I lived with that diagnosis all day. Later that evening I
had a biopsy, where they stuck an endoscope down my throat,
through my stomach and into my intestines, put a needle into
my pancreas and got a few cells from the tumor.
I was sedated, but my wife, who was there, told me that when
they viewed the cells under a microscope the doctors started
crying because it turned out to be a very rare form of
pancreatic cancer that is curable with surgery. I had the
surgery and I'm fine now.
This was the closest I've been to facing death, and I hope
it's the closest I get for a few more decades. Having lived
through it, I can now say this to you with a bit more
certainty than when death was a useful but purely
intellectual concept:
No one wants to die.
Even people who want to go to heaven don't want to die to
get there.
And yet death is the destination we all share. No one has
ever escaped it. And that is as it should be, because Death
is very likely the single best invention of Life. It is
Life's change agent. It clears out the old to make way for
the new.
Right now the new is you, but someday not too long from now,
you will gradually become the old and be cleared away. Sorry
to be so dramatic, but it is quite true.
Your time is limited, so don't waste it living someone
else's life. Don't be trapped by dogma -- which is living
with the results of other people's thinking. Don't let the
noise of others' opinions drown out your own inner voice.
And most important, have the courage to follow your heart
and intuition. They somehow already know what you truly want
to become. Everything else is secondary.
When I was young, there was an amazing publication called
The Whole Earth Catalog, which was one of the bibles of my
generation.
It was created by a fellow named Stewart Brand not far from
here in Menlo Park, and he brought it to life with his
poetic touch. This was in the late 1960's, before personal
computers and desktop publishing, so it was all made with
typewriters, scissors, and polaroid cameras. It was sort of
like Google in paperback form, 35 years before Google came
along: it was idealistic, and overflowing with neat tools
and great notions.
Stewart and his team put out several issues of The Whole
Earth Catalog, and then when it had run its course, they put
out a final issue. It was the mid-1970s, and I was your age.

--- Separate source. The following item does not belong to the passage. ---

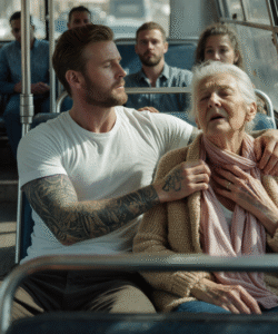 The bus rolled to a stop as the sirens wailed closer. Paramedics rushed aboard, immediately transferring her to a stretcher. But even as they worked, the woman’s eyes stayed on the young man.
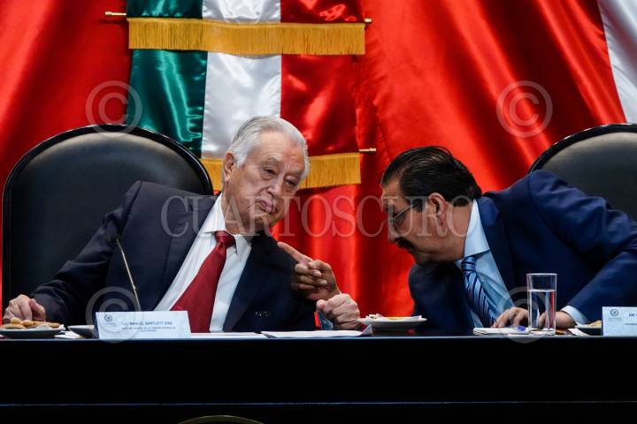 Manuel Bartlett y Reginaldo Sandoval Flores durante la comparecencia del titular de CFE ante la Comisión de Infraestructura y Energía en la Cámara de Diputados.

On the back cover of their final issue was a photograph of
an early morning country road, the kind you might find
yourself hitchhiking on if you were so adventurous. Beneath
it were the words: "Stay Hungry. Stay Foolish."
It was their farewell message as they signed off. Stay
Hungry. Stay Foolish. And I have always wished that for
myself. And now, as you graduate to begin anew, I wish that
for you.
Stay Hungry. Stay Foolish.
Thank you all very much.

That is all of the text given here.